Huntsville, AL – Engineers are preparing to push a test article identical to the world’s largest rocket fuel tank beyond its design limits and find its breaking point during upcoming tests at NASA’s Marshall Space Flight Center in Huntsville, Alabama.
Earlier this year, a NASA and Boeing test team subjected a test version of the Space Launch System (SLS) liquid hydrogen tank to a series of 37 tests that simulate liftoff and flight stresses by using large hydraulic pistons to push and pull on the test tank with millions of pounds of force.
The test article aced these tests and showed no signs of cracks, buckling or breaking and qualified the design for flight. Now, the team wants to see just how much the tank can take.
“Space exploration involves risk,” said Julie Bassler, manager of the Space Launch System Stages Office. ““This is a different kind of exploration that happens before we launch. A test to failure of the largest liquid hydrogen tank ever produced will expand our knowledge to ensure we can safely get the most performance out of the rocket that will send astronauts and large cargo to the Moon and then to Mars.”
The hydrogen tank is part of the SLS core stage. Measuring more than 130 feet tall and 27.6 feet in diameter, it stores 537,000 gallons of super cooled liquid hydrogen to help power the four SLS core stage RS-25 engines for the 8-minute climb to orbit at more than 17,000 miles per hour. The test article’s structure is identical to that of the flight hardware.
Having certified the tank for both the current version of SLS, called Block 1, as well as the more powerful Block 1B version in development, engineers are preparing their 215-foot-tall test stand for one final test to see exactly how much stress the hydrogen tank can take before it fails structurally.
Built by Boeing at NASA’s Michoud Assembly Facility in New Orleans and barged to Marshall last December, the hydrogen tank test article has been fitted with thousands of sensors measuring, stress, pressure, and temperature, while high-speed cameras and microphones capture every inch for the expected telltale buckling or cracking in the cylindrical tank wall.
“The core stage hardware structures are brand new, first-time developments, so this testing is crucial to ensuring mission success,” said Luke Denney, qualification test manager for Boeing’s Test & Evaluation Group. “The tests were designed to prove that each component of the stage will be able to survive its own unique set of extreme environmental conditions during liftoff, ascent and flight.”
In fact, this will be the largest-ever controlled test-to-failure of a NASA rocket stage fuel tank, said Mike Nichols, Marshall’s lead test engineer for the tank.
“The failure mechanism of a slender multi-segment rocket stage is not very well understood,” he said. “By taking this test article to failure, we can better understand the phenomenon. This test will benefit all rocket engineers, providing valuable data for their propellant tank designs for future rocket stages.”

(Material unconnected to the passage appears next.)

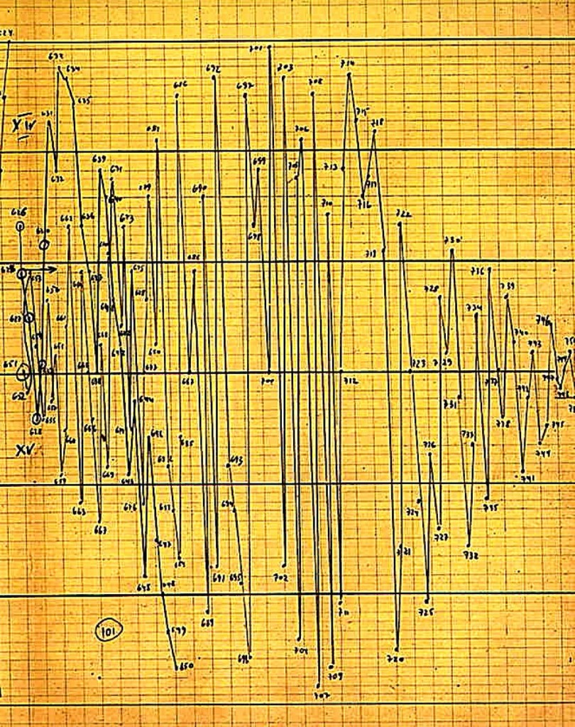 At the same time, Iannis Xenakis used mathematics in his compositions. In Achorripsis (1957), he applied probability theory (called stochastic processes) to decide pitch, duration, density, and overall structure. Though the piece is a fixed score (not free-form or improvised), its statistical design gives each performance a uniquely structured sound. Later, in 1977–1978, Xenakis created the UPIC system, which let composers draw sound waves and shapes on a screen and turn them directly into electronic music.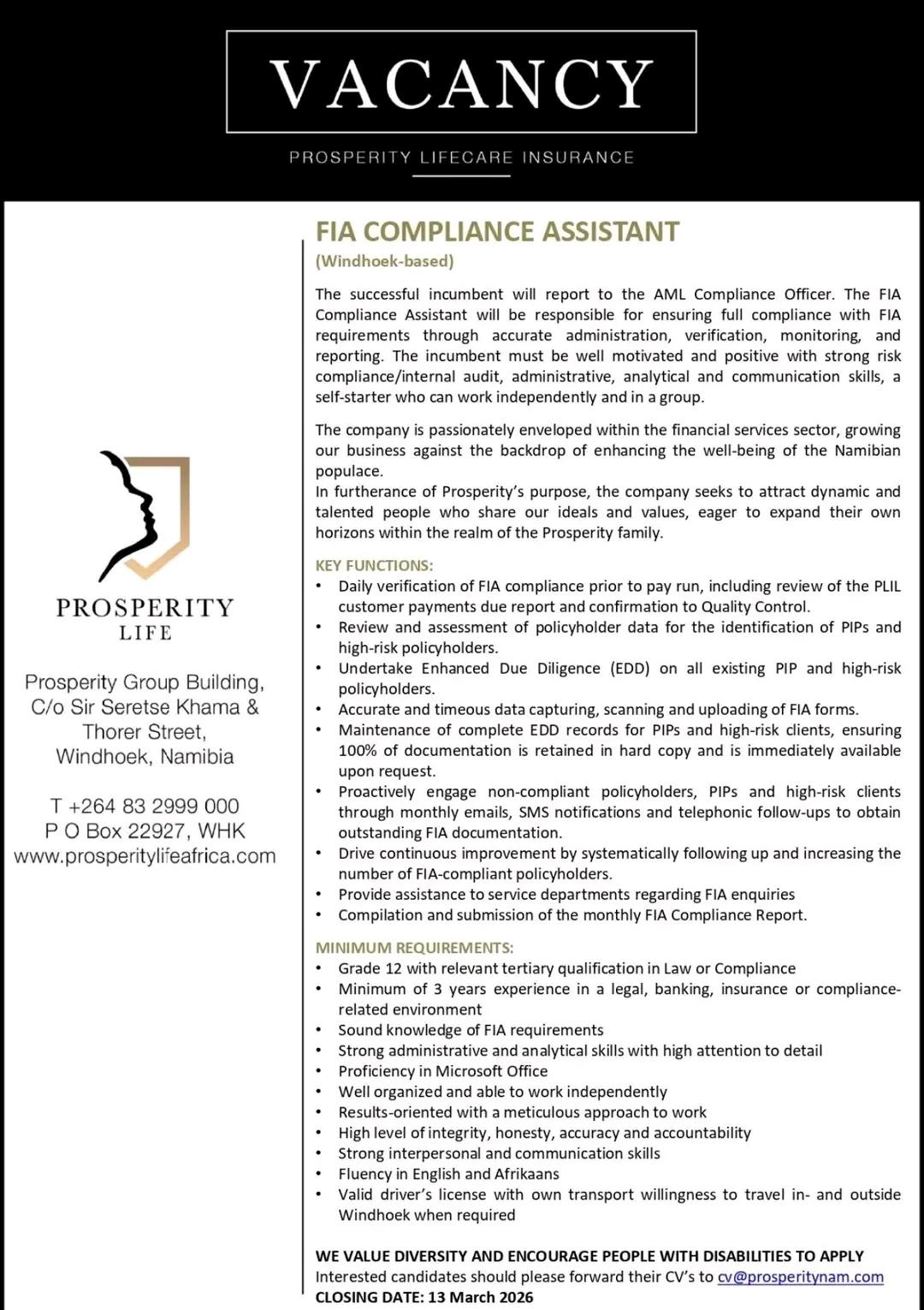 Explore vacant positions like Assistant and numerous other job opportunities available. Prosperity Health Vacancies Namibia 2026 also highlights internship positions, particularly in locations such as Windhoek in the Khomas Region, to support students and recent graduates. These roles help applicants gain practical experience and build professional skills, even when specific experience requirements are not explicitly stated in the vacancy notification.

Engineers have computer calculations that predict when and where and how the tanks should fail. But without a carefully planned test they won’t know exactly. That difference is important for NASA’s plans to return human explorers to the Moon.
This is not the first SLS test article to be tested to structural failure. Test versions of the engine section and intertank were also tested until they broke above 140% of anticipated flight stresses.

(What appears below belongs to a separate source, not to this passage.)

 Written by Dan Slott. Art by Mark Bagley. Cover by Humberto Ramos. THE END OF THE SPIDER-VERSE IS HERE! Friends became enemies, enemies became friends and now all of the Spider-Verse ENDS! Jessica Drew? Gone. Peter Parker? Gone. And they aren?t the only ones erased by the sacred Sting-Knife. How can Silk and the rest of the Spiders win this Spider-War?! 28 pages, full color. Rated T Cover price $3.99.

While engineers predict the test will not create a sizable hole in the tank, should that happen, areas of the community close to Redstone Arsenal hear a low-level sound as the nitrogen gas used to pressurize the tank is vented.
The 212-foot-tall core stage is the largest, most complex rocket stage NASA has built since the Saturn V stages that powered the Apollo missions to the Moon. SLS and Orion, along with the Gateway in orbit around the Moon, are NASA’s backbone for deep space exploration and the Artemis program, which will send the first woman and next man to the lunar surface by 2024.
SLS is the only rocket that can send Orion, astronauts, and supplies to the Moon on a single mission.